KAON2 supports answering conjunctive queries, albeit without true non-distinguished
variables [6]. This means that all variables in a query are bound to individuals explicitly
occurring in the knowledge base, even if they are not returned as part of the query answer.
The algorithms for answering queries with non-distinguished variables have been developed,
but have not been implemented yet.
Figure 57: Kaon2 architecture
Figure 57 describes the technical architecture of KAON2. The Ontology API provides
ontology manipulation services, such as adding and retrieving axioms. The API fully supports
OWL and the Semantic Web Rule Language (SWRL) at the syntactic level. Several similar
APIs already exist, such as the OWL API or Jena. Ontologies can be saved in files, using
either OWL RDF or OWL XML syntax.
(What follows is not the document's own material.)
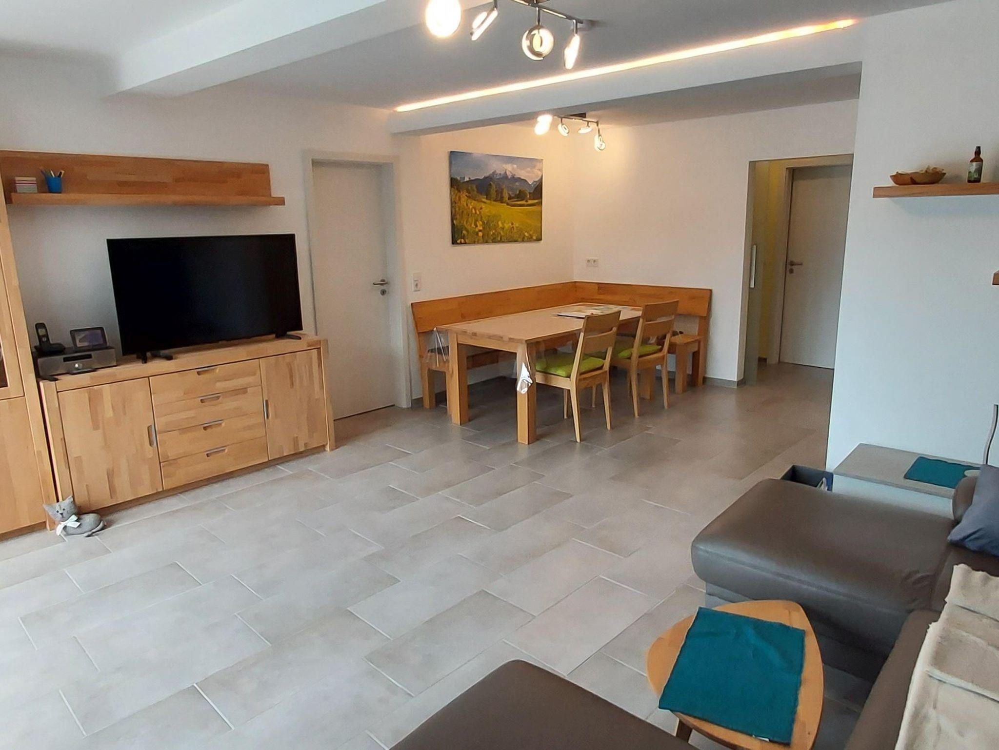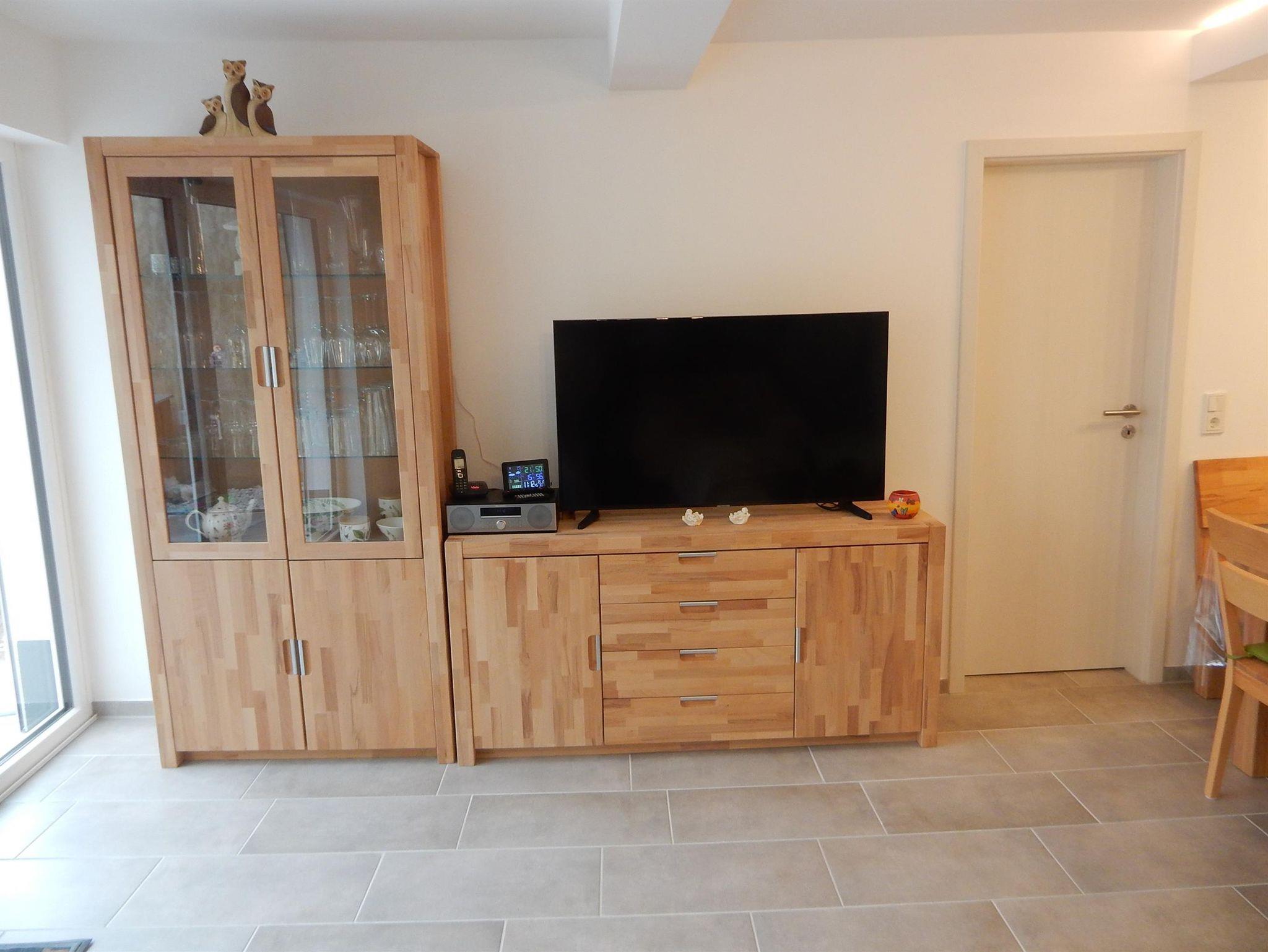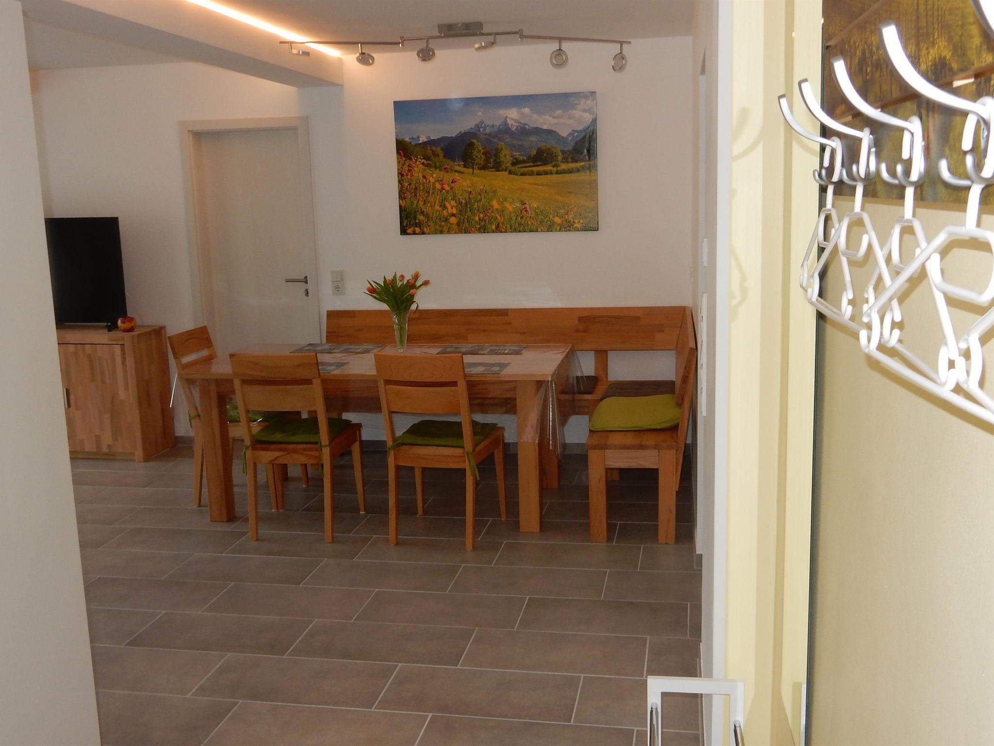 Ess-Wohnzimmer: gemütliche Holzeckbank mit Tisch und 3 Stühlen, bequemes Ledersofa zum Ausziehen, 50er Smart SAT-TV, CD-Radiorecorder sowie diverse Gesellschaftsspiele und Bücher, kostenfreies WLAN und Deutsches Festnetz

Alternatively, ABox assertions can be stored in a
relational database (RDBMS): by mapping ontology entities to database tables, KAON2 will
query the database on the fly during reasoning.
The Reasoning API allows one to invoke various reasoning tasks, and to retrieve their results.
All APIs can be invoked either locally, using KAON2 as a dynamic library, or remotely, for
example, through the DL Implementors Group (DIG) interface.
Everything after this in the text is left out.